Net saving is the difference between current revenues and current expenditures. It is the fiscal balance without taking into account capital expenditures, such as investment expenditure or capital transfers. Net saving is associated with the “golden rule” of public finance, which advocates that, over the course of an economic cycle, current expenditures should be fully paid for by current revenues. This rule implies that public debt should only be issued to pay for investments which promote growth. Operating in accordance with this rule helps governments maintain a sustainable fiscal stance.
In 2019, 21 of 36 OECD countries recorded positive general government net savings, although the OECD average was -2.3% of GDP. Net savings worsened substantially in 2020. Among the 26 OECD countries for which data are available, 24 had negative net savings in 2020, and all had lower net savings than in 2019. This sharp fall was due to high levels of current expenditure and falling tax revenues caused by the COVID-19 crisis. Among countries with data available, the United Kingdom (-10.4% of GDP) and Spain (-10.1% of GDP) had the lowest net savings rates in 2020. Only Denmark (1% of GDP) and Norway (0.1% of GDP) recorded positive net savings. These were the two countries with the highest net savings in 2019, and both were able to maintain positive net savings in 2020 while still providing sizeable fiscal policy responses to COVID-19 (Figure 2.3). Denmark entered the crisis on a strong economic footing. Norway maintains a fiscal rule under which revenues from offshore petroleum production (i.e. withdrawals from the Norwegian Wealth Fund) can only cover the non-oil budget deficit up to a ceiling. COVID-19 has been a major shock to public finances, and, as with fiscal balances, it is appropriate to maintain negative net savings in order to fund the crisis response. However, maintaining the golden rule over the course of the economic cycle implies future net savings will be needed to offset the resulting net dissaving.
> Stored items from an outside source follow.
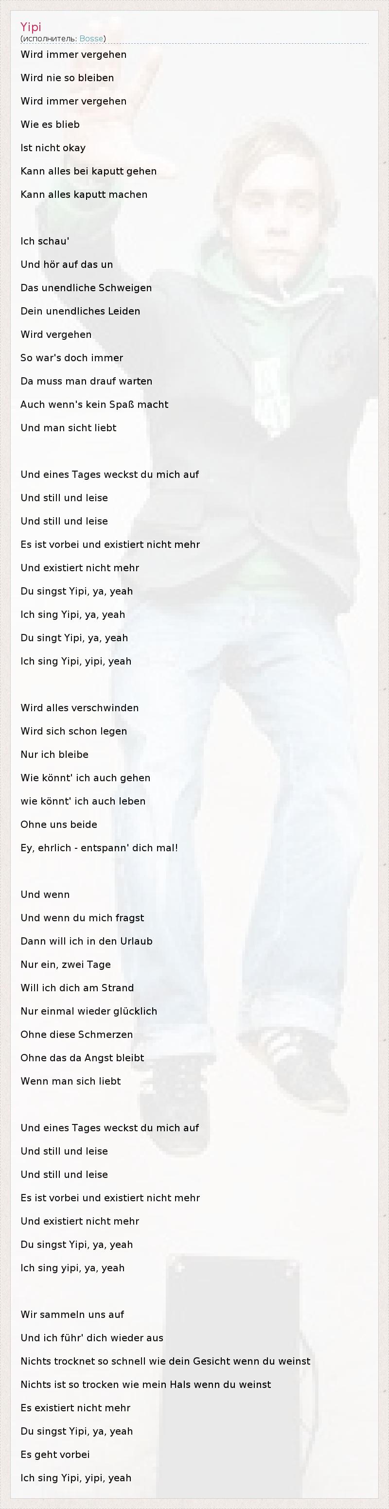 Wird immer vergehen Wird nie so bleiben Wird immer vergehen Wie es blieb Ist nicht okay Kann alles bei kaputt gehen Kann alles kaputt machen Ich schau' Und hör auf das un Das unendliche Schweigen Dein unendliches Leiden Wird vergehen So war's doch immer Da muss man drauf warten Auch wenn's kein Spaß macht Und man sicht liebt Und eines Tages weckst du mich auf Und still und leise Und still und leise Es ist vorbei und existiert nicht mehr Und existiert nicht mehr Du singst Yipi, ya, yeah Ich sing Yipi, ya, yeah Du singt Yipi, ya, yeah Ich sing Yipi, yipi, yeah Wird alles verschwinden Wird sich schon legen Nur ich bleibe Wie könnt' ich auch gehen wie könnt' ich auch leben Ohne uns beide Ey, ehrlich - entspann' dich mal! Und wenn Und wenn du mich fragst Dann will ich in den Urlaub Nur ein, zwei Tage Will ich dich am Strand Nur einmal wieder glücklich Ohne diese Schmerzen Ohne das da Angst bleibt Wenn man sich liebt Und eines Tages weckst du mich auf Und still und leise Und still und leise Es ist vorbei und existiert nicht mehr Und existiert nicht mehr Du singst Yipi, ya, yeah Ich sing yipi, ya, yeah Wir sammeln uns auf Und ich führ' dich wieder aus Nichts trocknet so schnell wie dein Gesicht wenn du weinst Nichts ist so trocken wie mein Hals wenn du weinst Es existiert nicht mehr Du singst Yipi, ya, yeah Es geht vorbei Ich sing Yipi, yipi, yeah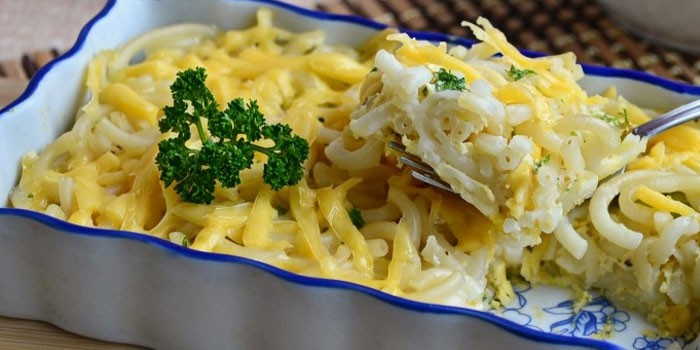 Це відмінний і простий дієтичний обід, оскільки складні вуглеводи, представлені пастою, скомбіновані з овочами. Сирна шапочка тонка, тому високою жирністю макарони запечені в духовці не володіють. Намагайтеся використовувати тільки легкі, водянисті овочі: кабачки, помідори, або ж будь-які види капусти – так запіканка з макаронів з сиром вийде низькокалорійної.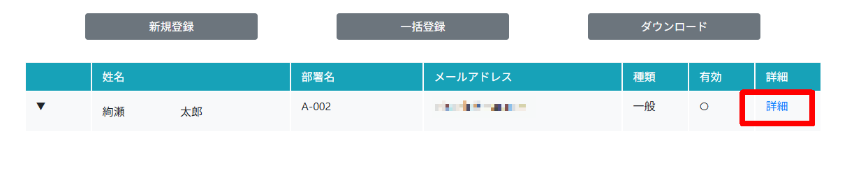 3.画面下部に検索結果が表示されます。 編集するユーザーの「詳細」をクリックします。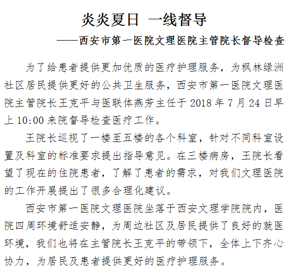 炎炎夏日,一线督导---男同视频 文理医院主管院长督导检查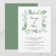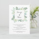 Anuncia a tu familia y amigos un cambio en la fecha de la boda con esta elegante tarjeta. El diseño presenta un cuadrado blanco bordeado de vegetación y flores. El texto manuscrito dice: Cambio de planes.

The difference between government net savings and government net lending/borrowing (i.e. the fiscal balance) indicates the size of general government capital expenditures. These may be either government investment expenditures or outflows caused by capital transfers, e.g. to publicly owned enterprises or financial institutions. In 2019, average national savings in OECD countries were -2.3% of GDP, while the average budget deficit was -3.2% of GDP. This implies average government capital expenditures across the OECD were 0.9% of GDP. In 2020, 23 out of 26 countries for which data are available are estimated to have increased national investment (Figure 2.4). This is not necessarily a reaction to COVID-19. Some of the increase may reflect extra investment in infrastructure in critical areas, such as health or IT, or spending to stimulate the economy. However, it is likely that some of the apparent increase is due to public investment levels being held constant in 2020 while GDP fell (for instance if governments were partway through multi-year investment projects, such as major infrastructure projects), or because investment simply fell more slowly than GDP.